* [Problem] Only the lines from the opening of the material through the line bearing "插花工藝不僅僅是一門藝術(s" should be reproduced, exactly and without pictures.
___ Available data ___
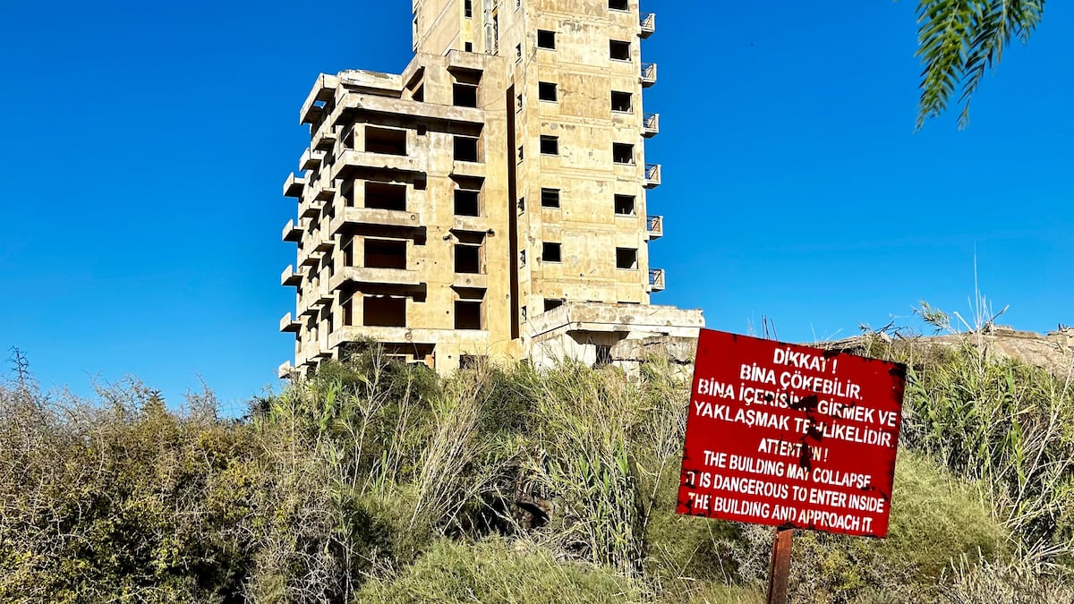 Un letrero advierte de los peligros de penetrar en los edificios de Varosha.Foto: ANDRÉS MOURENZA | Vídeo: ANDRÉS MOURENZA / OLIVIA LÓPEZ
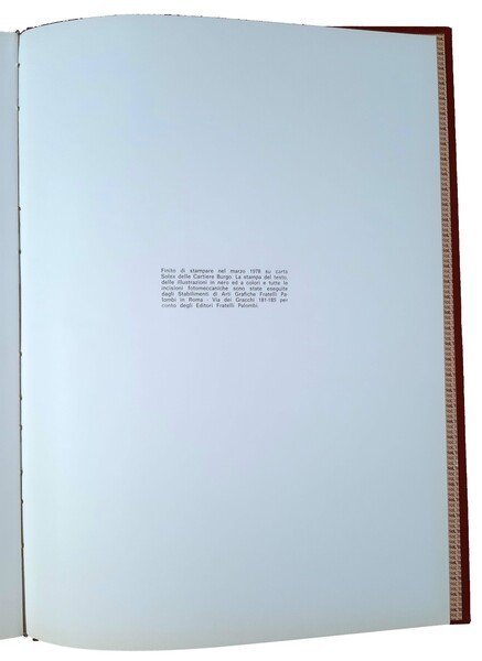 Un volume, 340x250 mm, leg. editoriale in tela con titolo su etichetta al dorso, sovracoperta in carta patinata con illustrazioni e titolo, custodia in cartone leggero con titolo su tassello al dorso; pp. 285; numerose illustrazioni. Rif.: IT\ICCU\SBL\0327586. OCLC, 1079387117. Ottimo esemplare.
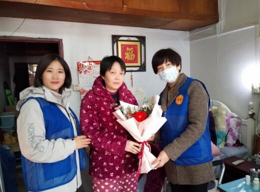 插花工藝不僅僅是一門藝術(shù),更是一門技術(shù),花藝師胡云老師細(xì)致耐心地給大家講解選擇花材、裁剪、顏色搭配、造型等各方面的插花知識與技巧,并現(xiàn)場向大家示范,一起修剪花材,搭配花朵,再用紗紙或玻璃紙將它們包裝起來。玫瑰、百日菊、滿天星、尤加利……不同顏色、造型的花葉搭配在一起,產(chǎn)生了不同的效果。在花藝?yán)蠋煹闹笇?dǎo)下,殘疾人用不同顏色的花朵巧妙地創(chuàng)意組合創(chuàng)作出一束束造型各異、色彩鮮艷的插花作品??粗约菏掷锏幕ㄊ綍r忙于工作和家務(wù)的殘疾人專委李師傅臉上都綻放出幸福的笑容說:“用花藝來慶祝自己的節(jié)日,既學(xué)習(xí)了插花知識,又是一種全新的體驗,非常有意義。” 插花結(jié)束志愿者還不忘把扎好的花束給行動不便的殘疾人送去,祝福她們“女神節(jié)”快樂。
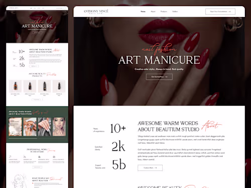 This Art Manicure website design is one of my recent works where I combined my 2+ years of UX/UI experience with a deep understanding of beauty studio branding. My goal was to craft a pixel-perfect, responsive, and visually elegant website that not only attracts visitors but also converts them into loyal clients. ✅ What I Delivered ✔️ Pixel-perfect, Responsive Website UI/UX Design I designed a clean and luxurious layout that looks stunning on desktop, tablet, and mobile — ensuring a flawless user experience across all devices. ✔️ Custom Website Template Every section, from product highlights to blogs and testimonials, was thoughtfully crafted to match the unique vibe of a modern beauty & nail studio. ✔️ Bootstrap Grid System Layout I followed an organized, scalable grid system to keep the layout structured, clean, and developer-friendly. ✔️ Modern Icons, Fonts & Color Palette I selected trendy yet timeless fonts, icons, and color tones that reflect the premium feel of the brand. ✔️ Conversion-focused Sections Strategically placed CTAs, service highlights, product sections, and a blog keep visitors engaged and encourage bookings. ✔️ Editable & Dev-ready Assets The final handover includes organized Figma source files and PDF exports — making the design easy to develop. ✅ My Process Every page was designed keeping readability, usability, and aesthetics in mind. I believe in crafting interfaces that not only look beautiful but are also easy to use and help businesses grow. This project showcases how I merge creativity with functional UX to deliver real results.
___
* [Task result]
 Un letrero advierte de los peligros de penetrar en los edificios de Varosha.Foto: ANDRÉS MOURENZA | Vídeo: ANDRÉS MOURENZA / OLIVIA LÓPEZ
 Un volume, 340x250 mm, leg. editoriale in tela con titolo su etichetta al dorso, sovracoperta in carta patinata con illustrazioni e titolo, custodia in cartone leggero con titolo su tassello al dorso; pp. 285; numerose illustrazioni. Rif.: IT\ICCU\SBL\0327586. OCLC, 1079387117. Ottimo esemplare.
 插花工藝不僅僅是一門藝術(shù),更是一門技術(shù),花藝師胡云老師細(xì)致耐心地給大家講解選擇花材、裁剪、顏色搭配、造型等各方面的插花知識與技巧,并現(xiàn)場向大家示范,一起修剪花材,搭配花朵,再用紗紙或玻璃紙將它們包裝起來。玫瑰、百日菊、滿天星、尤加利……不同顏色、造型的花葉搭配在一起,產(chǎn)生了不同的效果。在花藝?yán)蠋煹闹笇?dǎo)下,殘疾人用不同顏色的花朵巧妙地創(chuàng)意組合創(chuàng)作出一束束造型各異、色彩鮮艷的插花作品??粗约菏掷锏幕ㄊ綍r忙于工作和家務(wù)的殘疾人專委李師傅臉上都綻放出幸福的笑容說:“用花藝來慶祝自己的節(jié)日,既學(xué)習(xí)了插花知識,又是一種全新的體驗,非常有意義。” 插花結(jié)束志愿者還不忘把扎好的花束給行動不便的殘疾人送去,祝福她們“女神節(jié)”快樂。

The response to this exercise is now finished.